• **The problem**: Without including the pictures, copy each line below exactly as it reads.

• **Task material**:
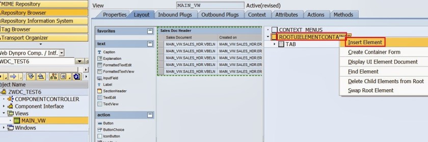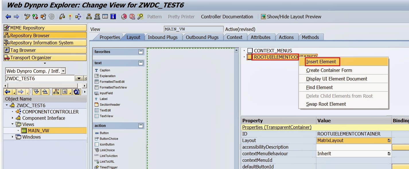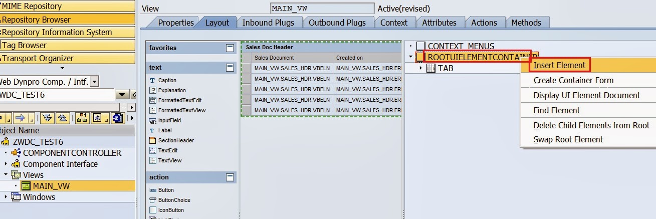 Step13. right click on the ROOTUIELEMENTCONTAINER and click on Insert Element option.
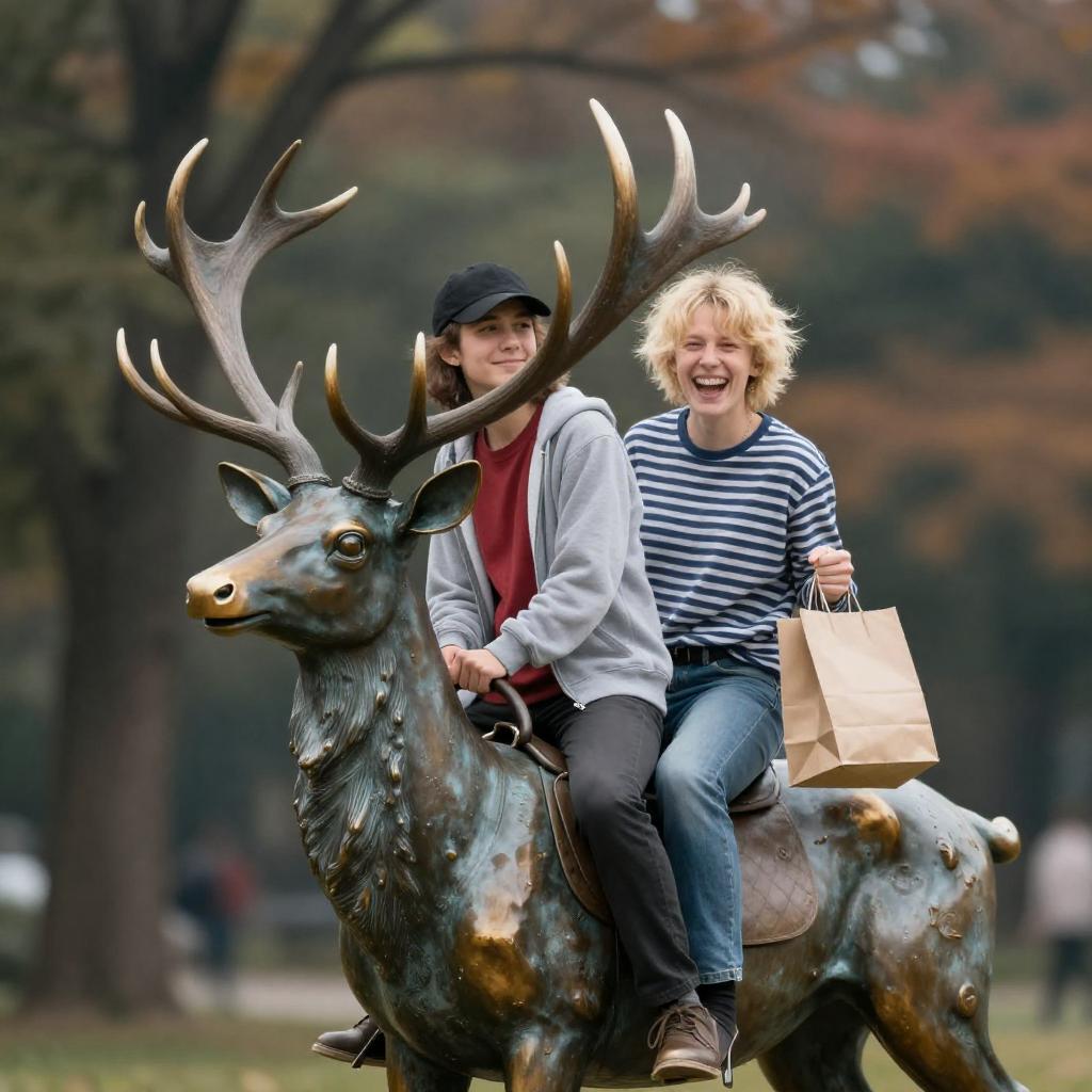 Photograph of two people riding a bronze deer statue with large antlers. The person on the left, wearing a black cap, gray hoodie, and red shirt, smiles. The person on the right, with messy blonde hair, a striped shirt, and blue jeans, laughs joyfully, holding a brown paper bag. Background features blurred autumn trees.
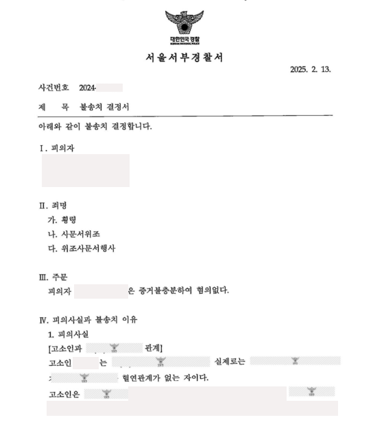 형사 [횡령/사문서위조행사] 증거불충분 혐의없음 결정
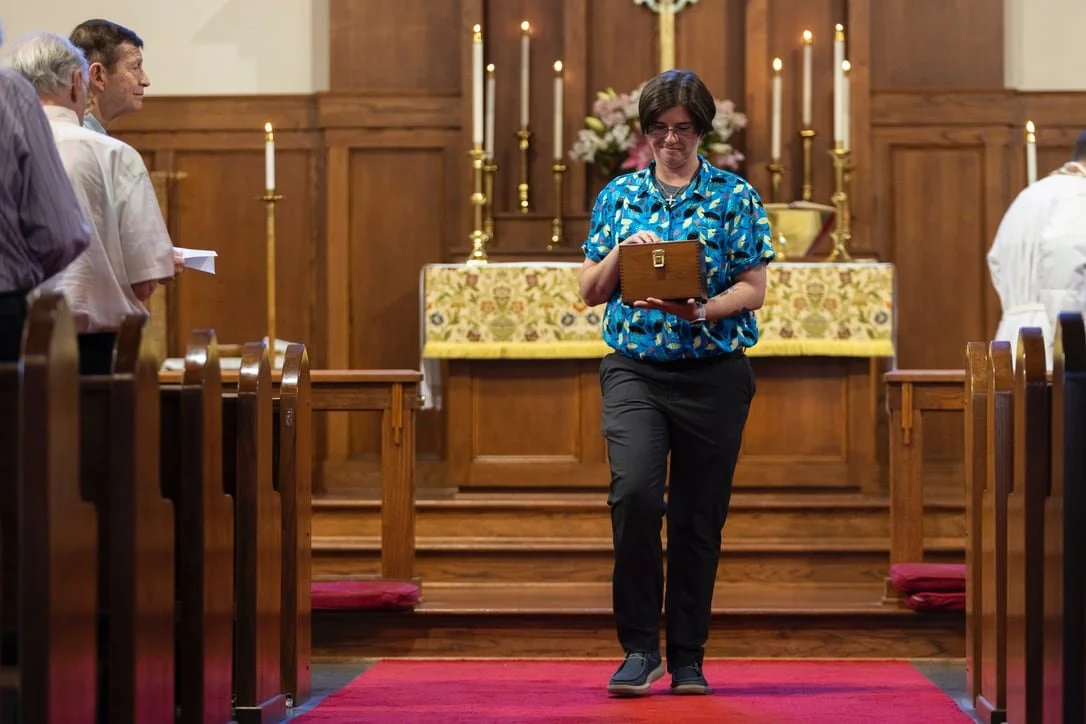 Eucharistic Ministers (EMs) assist prayerfully at the altar, supporting the clergy and offering the common cup to the congregation. They may also lead the Prayers of the People. EMs typically serve once a month and must be licensed, confirmed members, age 16 or older. This role is a sacred opportunity to participate in worship and support the church’s sacramental life. Those feeling called are encouraged to explore this ministry.
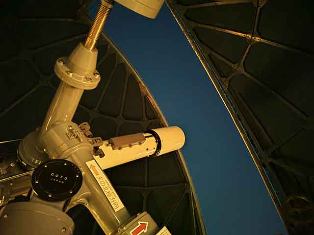 天文台でひときわ目を引くのは、入り口の階段を登ってすぐの場所にある巨大な望遠鏡でしょうか。
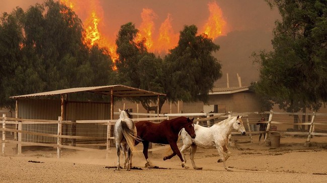 California - Kebakaran hutan di California menyebar dengan cepat oleh angin kencang. Kuda-kuda pun berlarian dari kandang saat api mulai menyebar.
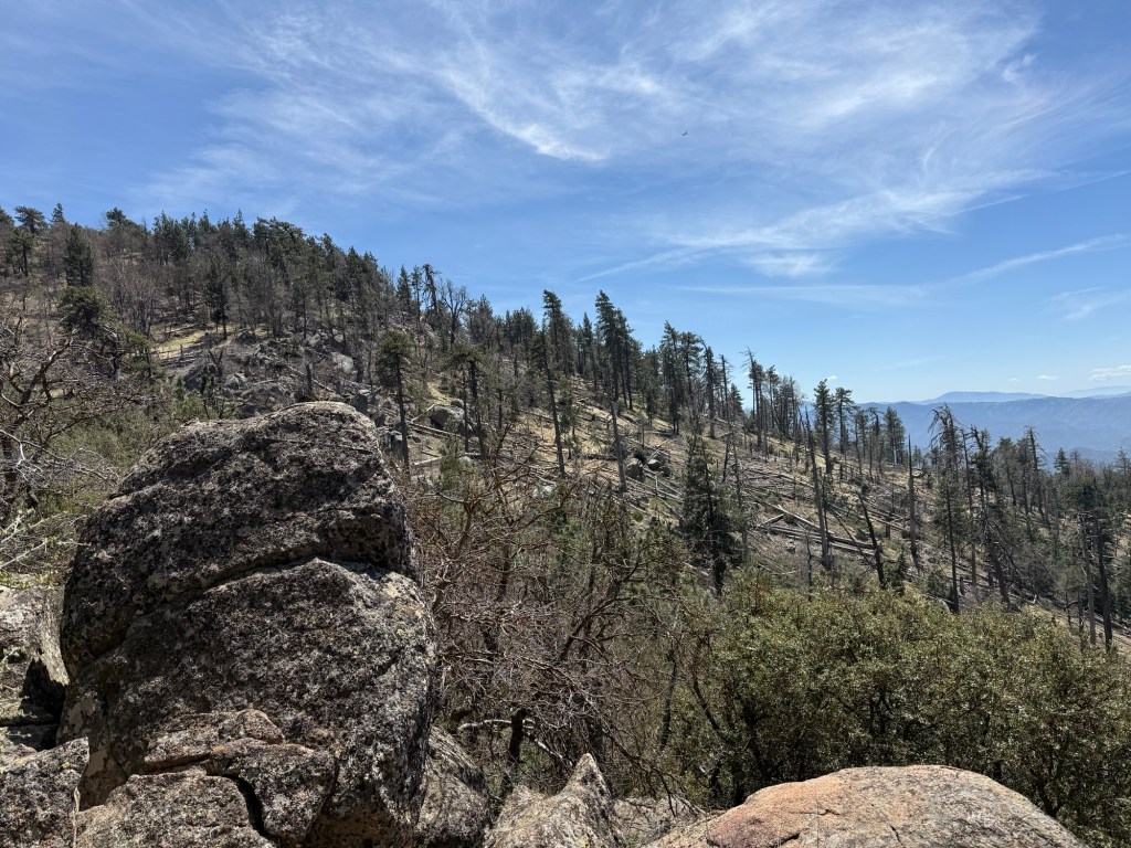I get to the trail Junction and decide to skip the cabin, I don’t need the water and it’s another .5 up a hill. I see Long Legs 50’ up the trail eating lunch and applying sunblock. Smart UV index is 10

• **Result for this exercise**:
 Step13. right click on the ROOTUIELEMENTCONTAINER and click on Insert Element option.
 Photograph of two people riding a bronze deer statue with large antlers. The person on the left, wearing a black cap, gray hoodie, and red shirt, smiles. The person on the right, with messy blonde hair, a striped shirt, and blue jeans, laughs joyfully, holding a brown paper bag. Background features blurred autumn trees.
 형사 [횡령/사문서위조행사] 증거불충분 혐의없음 결정
 Eucharistic Ministers (EMs) assist prayerfully at the altar, supporting the clergy and offering the common cup to the congregation. They may also lead the Prayers of the People. EMs typically serve once a month and must be licensed, confirmed members, age 16 or older. This role is a sacred opportunity to participate in worship and support the church’s sacramental life. Those feeling called are encouraged to explore this ministry.
 天文台でひときわ目を引くのは、入り口の階段を登ってすぐの場所にある巨大な望遠鏡でしょうか。
 California - Kebakaran hutan di California menyebar dengan cepat oleh angin kencang. Kuda-kuda pun berlarian dari kandang saat api mulai menyebar.
I get to the trail Junction and decide to skip the cabin, I don’t need the water and it’s another .5 up a hill. I see Long Legs 50’ up the trail eating lunch and applying sunblock. Smart UV index is 10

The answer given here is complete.